Между тем я и в этом году продолжал свою подготовку в области каббалистики и еврейской философии. Это был единственный раз, когда я был зачислен в берлинскую Высшую школу иудаики, которая функционировала по сути как либеральная раввинская семинария, чей преподавательский состав был сформирован из известных учёных того времени, таких как Эдуард Банет, Гарри Торчинер (Тур-Синай), Лео Бек, Юлиус Гутман и Исмар Эльбоген. Но я пошёл туда лишь затем, чтобы послушать курс Гутмана по книге Хасдая Крескаса «Свет Господень»[178]

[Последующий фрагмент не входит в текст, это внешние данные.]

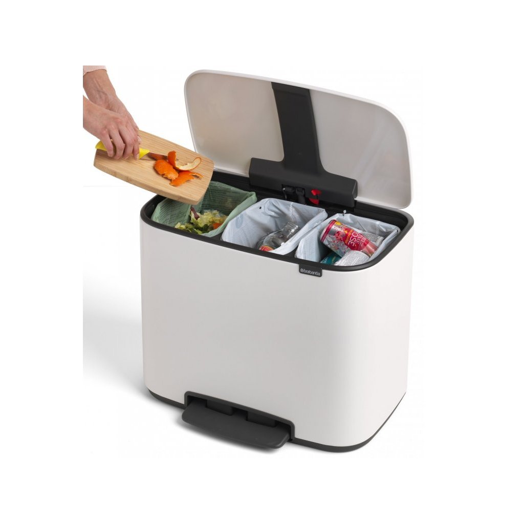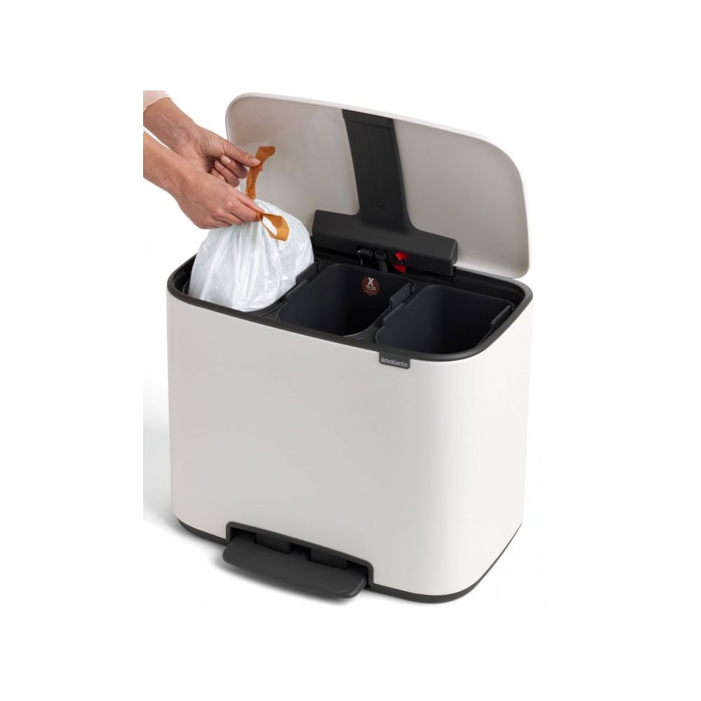 - Inclui sacos especiais adequados apenas para o contentor do lixo BO - a extremidade do saco fica escondida sob a tampa do contentor

. Это были очень интересные занятия, причём как для преподавателей, так и для студентов. Гутман как философ отличался образцовой ясностью изложения и всеобъемлюще-строгим анализом проблематики, возникающей при работе с весьма глубоким философским текстом, к тому же искажённым при печати. Его аналитические выкладки так и побуждали к размышлению и вызывали оживлённую дискуссию среди студентов. Я никогда, ни прежде, ни впоследствии не встречал столь прекрасно скомпонованной аудитории. Там присутствовали Фриц Ицхак Бер, Давид Хартвиг Банет, Цви Войславский, Хаим Бородянский (Бар-Даян), Фриц Бамбергер и другие молодые люди, впоследствии сделавшие себе имя в иудаике или еврейской литературе. Было видно, что наш преподаватель получал удовольствие от общения с этой изысканной публикой и ему отвечали тем же. Юлиус Гутман был почти двадцатью годами старше меня, а через десять лет мы стали коллегами на факультете иудейской философии и каббалы Еврейского университета, и я стал уважать и любить его как прекрасного учёного, скромного и набожного человека.Титульный лист книги Бахир, переведённой на немецкий язык Г. Шолемом и с его же комментариями. Отпечатано в типографии Артура Шолема, 1923
Стремясь углубить свои познания в еврейской литературе, я проводил бесконечные часы, преимущественно ночные, в замечательной библиотеке Мозеса Маркса, шурина Агнона. С ним я познакомился по возвращении из Швейцарии. Это был необычный человек, совладелец текстильной компании на площади Шпиттельмаркт, но сердце его оставалось не там, а тянулось к еврейской типографии и библиографии, хотя он едва ли мог понять содержание книг, о которых заботился с такой преданностью и любовью, и которые были прекрасно переплетены самым лучшим переплётчиком Берлина. (Образ этого книгопродавца представлялся Агнону, когда он писал свой рассказ «История книжника Азриэля Моше».) Маркс среди многих других пал жертвой пагубной иллюзии, порождённой инфляцией: он полагал себя очень богатым, тогда как на самом деле потерял всё. Он был весьма щепетилен, легко раним и при этом обладал решимостью и яркостью иудейского чувства.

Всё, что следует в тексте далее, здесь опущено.